また、大幅な利上げは新発国債の利払い負担が重くなることから、日本の財政・政治的事情を考えると、なお利上げ余地は限られると考えます。
以上から、ドル円レートにおいて、日本の政策金利の変化幅は限定的(=金融政策がおよぼす影響は限定的)であり、米国の金融政策が焦点になってくると思います(そもそもドル円は元来、米金利の影響を強く受けるわけですが)。
米国の政策金利:債券市場が利下げ幅を織り込むと、円高要因
対して米国の政策金利(=FF金利)は、利下げの織り込みが一部にとどまっており、今後利下げ幅のさらなる織り込みが進めば「金利低下→ドル安円高」に振れると考えられます。
現在、米10年債利回りが4%であることから、債券市場は「今後10年の政策金利の平均値が4%との見通し、つまり来年利下げが始まっても1%程度の利下げ幅にとどまる(※)」と見ている、と考えられます。
補足:(※)の理由
現在の政策金利(FF金利)が5.25~5.5%なので、4%との差分は1%程度
しかし、以下に示すようにFOMCメンバーは9月時点で政策金利の長期見通し(中立金利)を2.5%(中央値)と見込んでいます。

9月FOMC。

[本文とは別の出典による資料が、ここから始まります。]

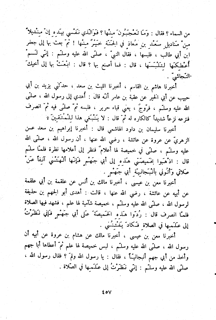 أَخْبَرَنَا سُلَيْمَانُ بْنُ دَاوُدَ الْهَاشِمِيُّ قَالَ: أَخْبَرَنَا إِبْرَاهِيمُ بْنُ سَعْدٍ، عَنِ الزُّهْرِيِّ، عَنْ عُرْوَةَ، عَنْ عَائِشَةَ رَضِيَ اللَّهُ عَنْهَا أَنَّ رَسُولَ اللَّهِ صلّى الله عليه وسلم صَلَّى فِي خَمِيصَةٍ لَهَا أَعْلَامٌ فَنَظَرَ إِلَى أَعْلَامِهَا نَظْرَةً فَلَمَّا سَلَّمَ قَالَ: «§اذْهَبُوا بِخَمِيصَتِي هَذِهِ إِلَى أَبِي جَهْمٍ فَإِنَّهَا أَلْهَتْنِي آنِفًا عَنْ صَلَاتِي وَأْتُونِي بِأَنْبَجَانِيَّةِ أَبِي جَهْمٍ»
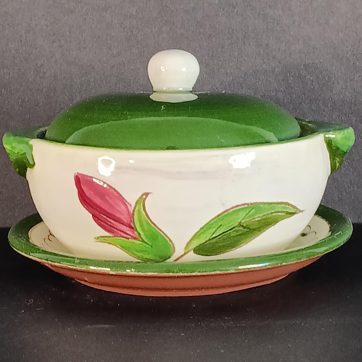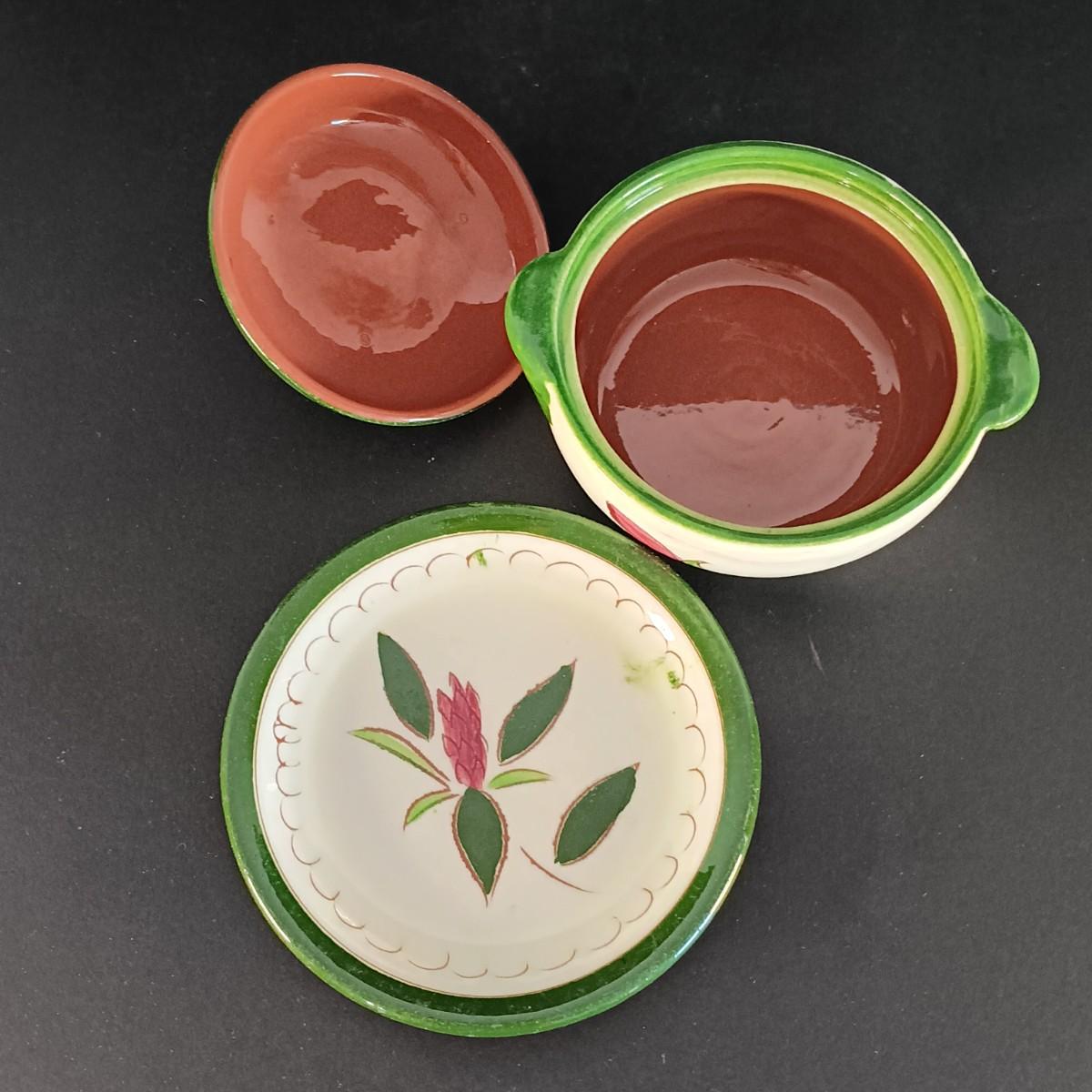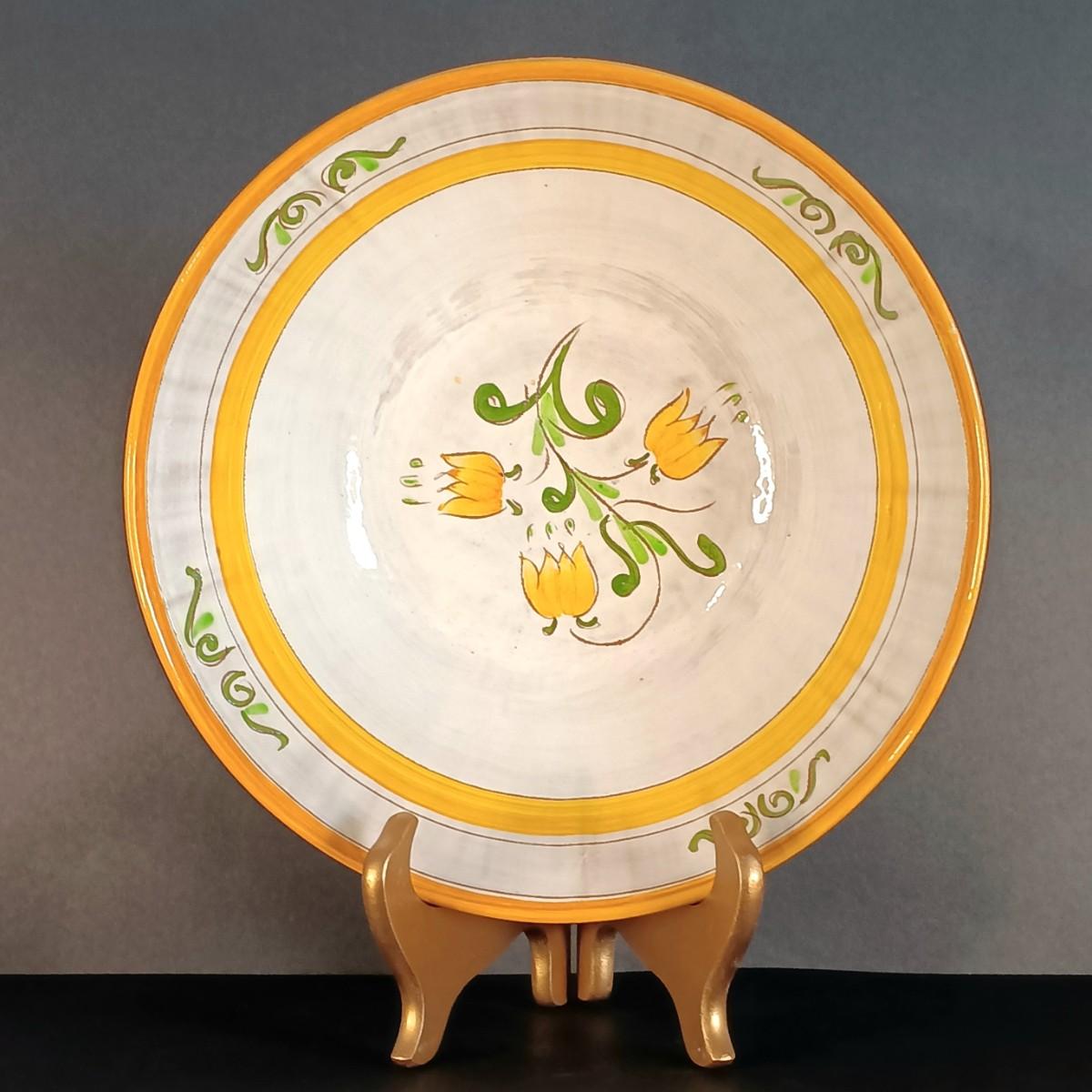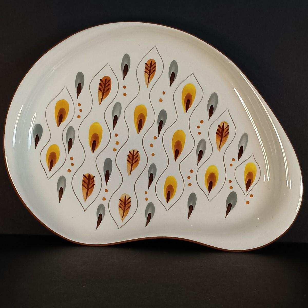 LOT 17C: Stangl Collection- Terra Rose Yellow Tulip Plate, Fruit Teapot, Amber Glo Plate & Tab Handled Dish

数値は中央値(出所:FRB)
したがって、今後債券市場がFOMCメンバーの長期見通し2.5%を織り込んでいくにつれて、「米10年債利回り低下 → 円高ドル安」となるシナリオが考えられます。
- 日本は「利下げ余地なし、利上げ余地は限定的」と考えられ、日本の政策金利の変化幅は小さく、米国の政策金利が焦点になると考える
- 米国は利下げ余地が大きく、債券市場はFOMC中央値ほど利下げ幅を織り込んでいない。今後織り込みが進めば、米長期金利にも低下余地
- したがって金利差の観点からは、円高シナリオを意識したい
2024年の米国株、日本株
では以上をふまえ、日米株式への投資については、私なら以下のように考えます。
米国株
- 円からの新規投資は、円高になるまで待ちたい
- すでに手持ちのドルがあるなら、定期つみたてなど投資を続けるか、ハイテク株など選別対象、あるいは金利低下を見込んだ債券買い
日本株(個別銘柄)
- 内需株または円高銘柄もポートフォリオに入れておく
例:電鉄系(例:MSCI除外で下げた京王)、旅行系(例:オープンドア)、円高銘柄(例:セリア、スカイマーク)
ただし、購入タイミング(買い値)が常に重要。
米国株
S&P500への投資は、見た目上は円建ての投信であっても米ドル経済圏への投資であることには変わりないので、為替の影響を受けます。
平時から備えておく。つまり、円高のときに円安に備え、円安のときに円高に備えておく――。
しばらく円安となってきたこともあり、ここから新規で円からドルに換えて米国株を買う行動は、私なら控えたいです。手持ちの円は、円で投資できる日本株の個別銘柄主体にします。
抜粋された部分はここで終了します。